## Given information
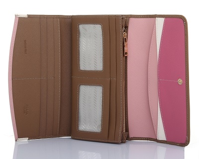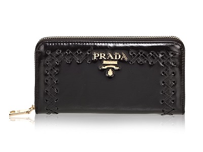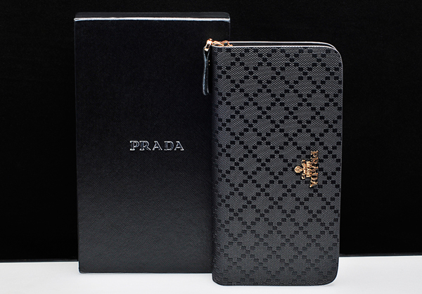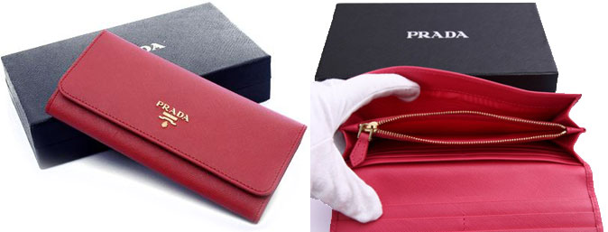 - Prada's classic and favorite colors — red and black — were chosen by designers to create wallets with a double-fold mechanism.
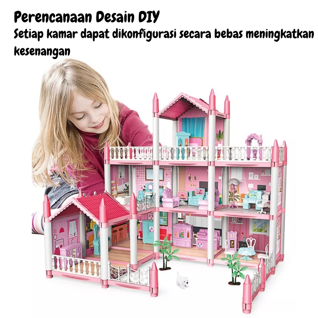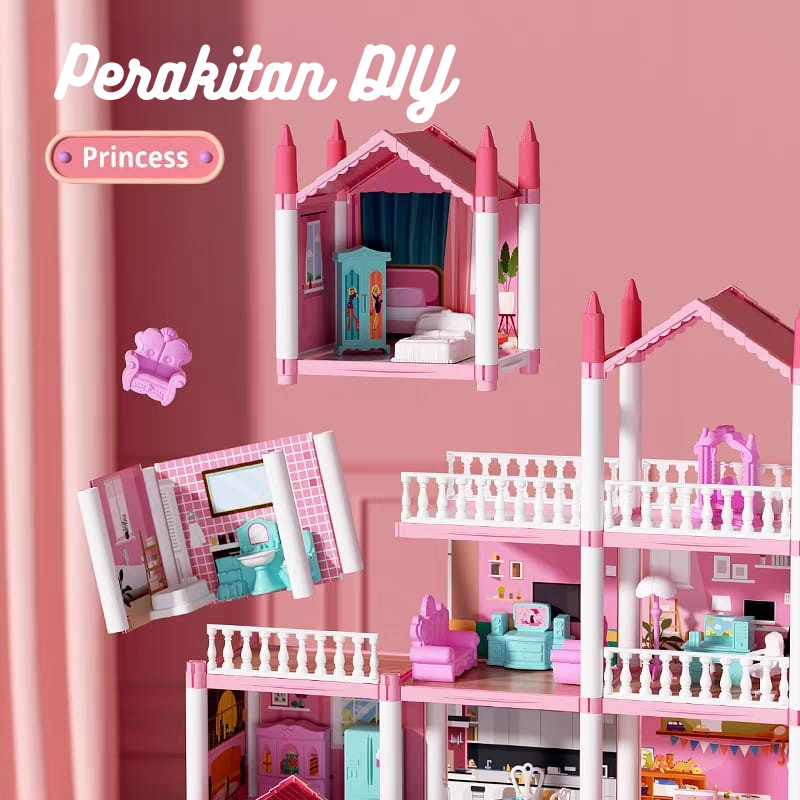 Toy Studio 3D Princess Big Villa DIY Rumah Boneka Bermain Rumah Dirakit Mainan Anak Dengan Lampu
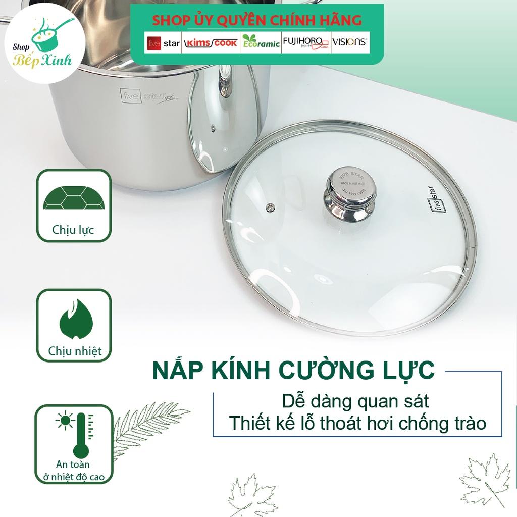 ✨Nồi luộc gà inox 304 cao cấp Fivestar Plus 28cm / 30cm nắp kính 3 đáy dùng được mọi loại bếp
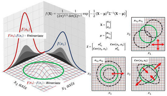 The key characteristic of the multivariate normal distribution is its representation of data in a multidimensional space. In this study, we used bivariate normal distribution theory, which uses two variables among multivariate normal distributions. In general, elements composing the bivariate normal distribution function include variables (), standard deviations (), covariances (), and mean values (). Figure 2 shows a schematic diagram of this theory, illustrating the correlation between each component and the bivariate normal distribution. The two variables each follow a univariate Gaussian normal distribution, and through the derivation process, these distributions are extended to a bivariate normal distribution. The mean values of each variable can shift the overall distribution, and the standard deviations can adjust the variance of the overall distribution. Finally, the covariance between the two variables reflects the correlation between the two univariate distributions, and it alters the shape of the bivariate distribution accordingly. The detailed derivation process and explanation are described in Section 3.2.
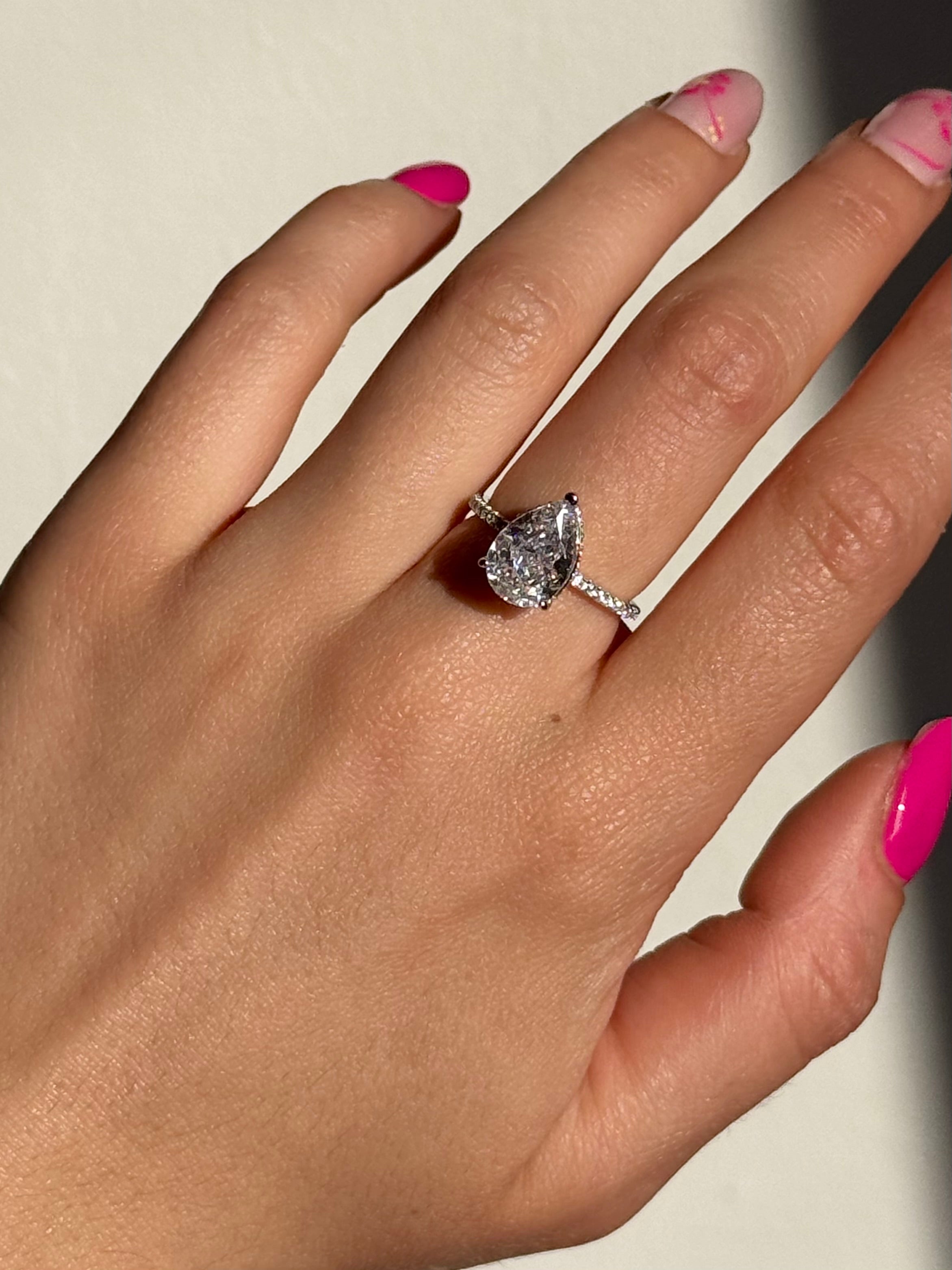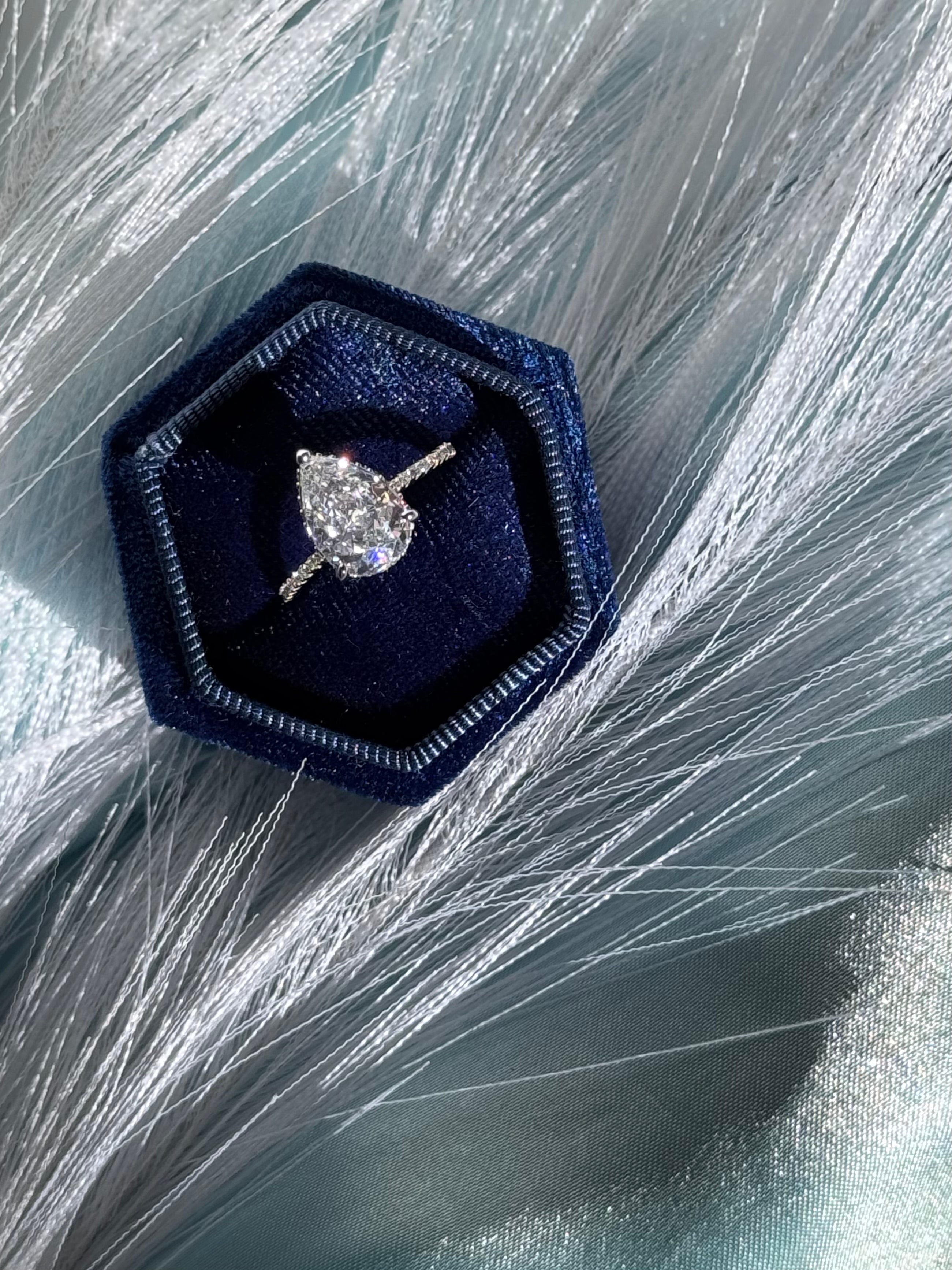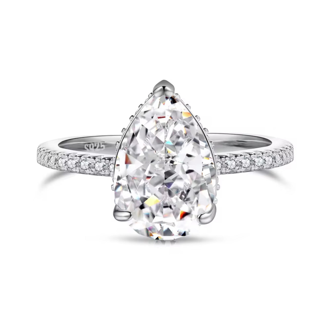 Impreziosito da una scintillante zirconia cubica 8A taglio goccia, la qualità più alta disponibile, emana una brillantezza straordinaria, visivamente indistinguibile da un diamante.
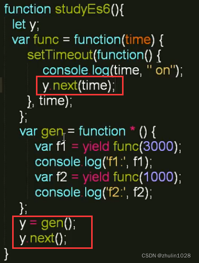 var y = yuanku(); //调用此函数,并不会立即执行它其中的代码,而是返回一个遍历器对象
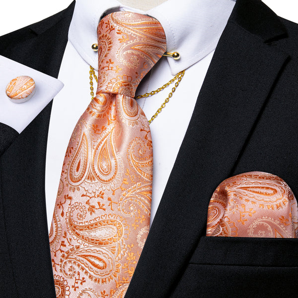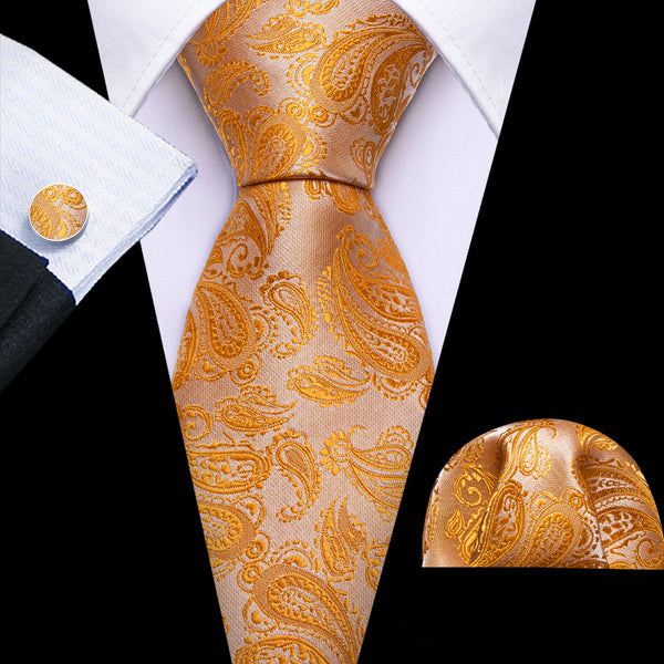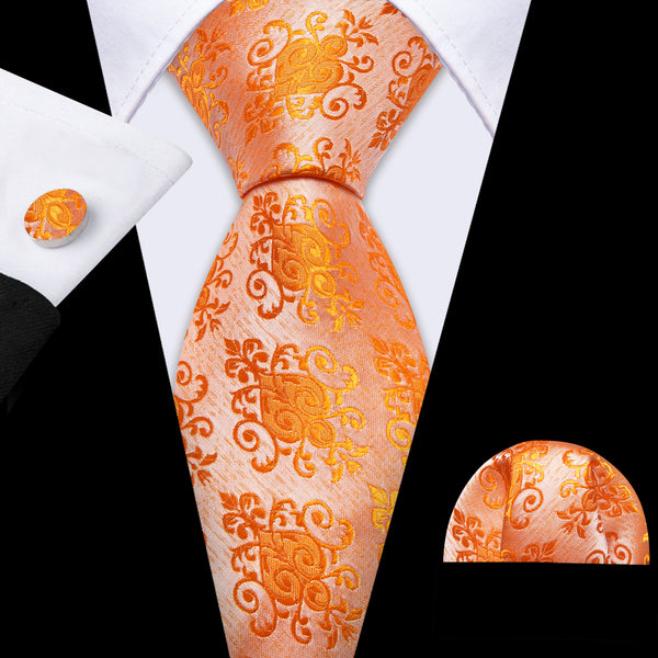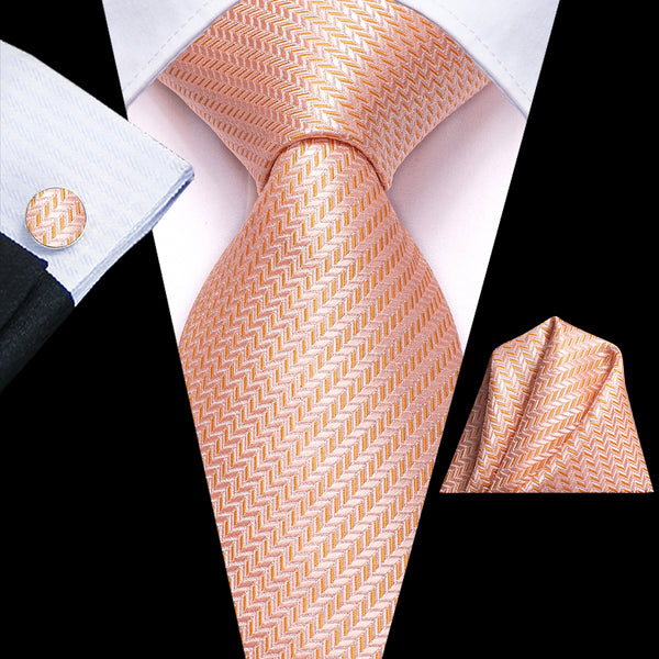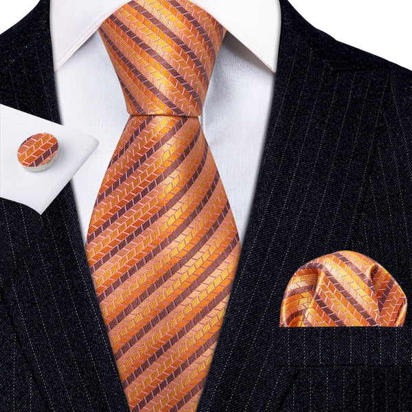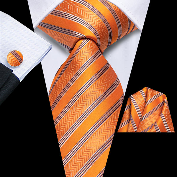 Orange Striped Men's Necktie Pocket Square Cufflinks Set
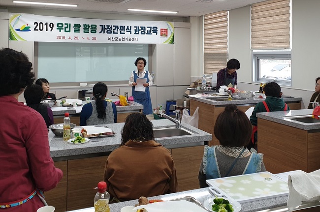예산군농업기술센터(소장 전태선)가 지난 29∼30일 이틀간 농업기술센터 내 농산물공동가공센터 실습실에서 우리 쌀을 활용한 가정 간편식 실습과정 교육을 실시했다.
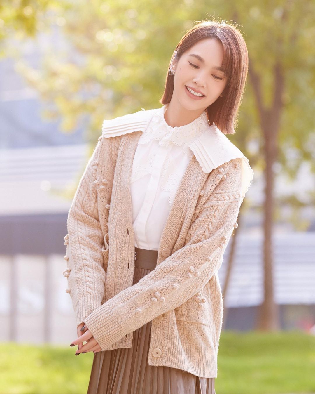 女星杨丞琳出道超过20年是演艺圈公认的“冻龄女神”,而她无论舞台造型或是私服都展现十足少女魅力,日前她上身法国轻奢品牌SANDRO 2021秋冬系列卡其色白领开襟毛衣搭配荷叶领衬衫,逆龄回春一波,两套冬季穿搭更是百搭到不行,很值得粉丝笔记。
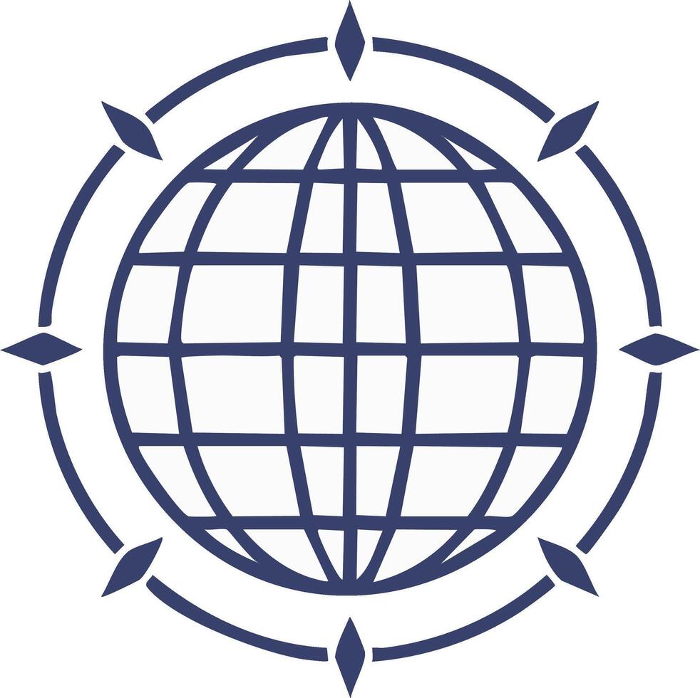 Circular Globe with Diamond Compass Points Navigating the World Icon Pro Vector

## Your task
The answer must be a word-for-word copy of all the entries, containing no pictures.

## Completed task
 - Prada's classic and favorite colors — red and black — were chosen by designers to create wallets with a double-fold mechanism.
 Toy Studio 3D Princess Big Villa DIY Rumah Boneka Bermain Rumah Dirakit Mainan Anak Dengan Lampu
 ✨Nồi luộc gà inox 304 cao cấp Fivestar Plus 28cm / 30cm nắp kính 3 đáy dùng được mọi loại bếp
 The key characteristic of the multivariate normal distribution is its representation of data in a multidimensional space. In this study, we used bivariate normal distribution theory, which uses two variables among multivariate normal distributions. In general, elements composing the bivariate normal distribution function include variables (), standard deviations (), covariances (), and mean values (). Figure 2 shows a schematic diagram of this theory, illustrating the correlation between each component and the bivariate normal distribution. The two variables each follow a univariate Gaussian normal distribution, and through the derivation process, these distributions are extended to a bivariate normal distribution. The mean values of each variable can shift the overall distribution, and the standard deviations can adjust the variance of the overall distribution. Finally, the covariance between the two variables reflects the correlation between the two univariate distributions, and it alters the shape of the bivariate distribution accordingly. The detailed derivation process and explanation are described in Section 3.2.
 Impreziosito da una scintillante zirconia cubica 8A taglio goccia, la qualità più alta disponibile, emana una brillantezza straordinaria, visivamente indistinguibile da un diamante.
 var y = yuanku(); //调用此函数,并不会立即执行它其中的代码,而是返回一个遍历器对象
 Orange Striped Men's Necktie Pocket Square Cufflinks Set
예산군농업기술센터(소장 전태선)가 지난 29∼30일 이틀간 농업기술센터 내 농산물공동가공센터 실습실에서 우리 쌀을 활용한 가정 간편식 실습과정 교육을 실시했다.
 女星杨丞琳出道超过20年是演艺圈公认的“冻龄女神”,而她无论舞台造型或是私服都展现十足少女魅力,日前她上身法国轻奢品牌SANDRO 2021秋冬系列卡其色白领开襟毛衣搭配荷叶领衬衫,逆龄回春一波,两套冬季穿搭更是百搭到不行,很值得粉丝笔记。
 Circular Globe with Diamond Compass Points Navigating the World Icon Pro Vector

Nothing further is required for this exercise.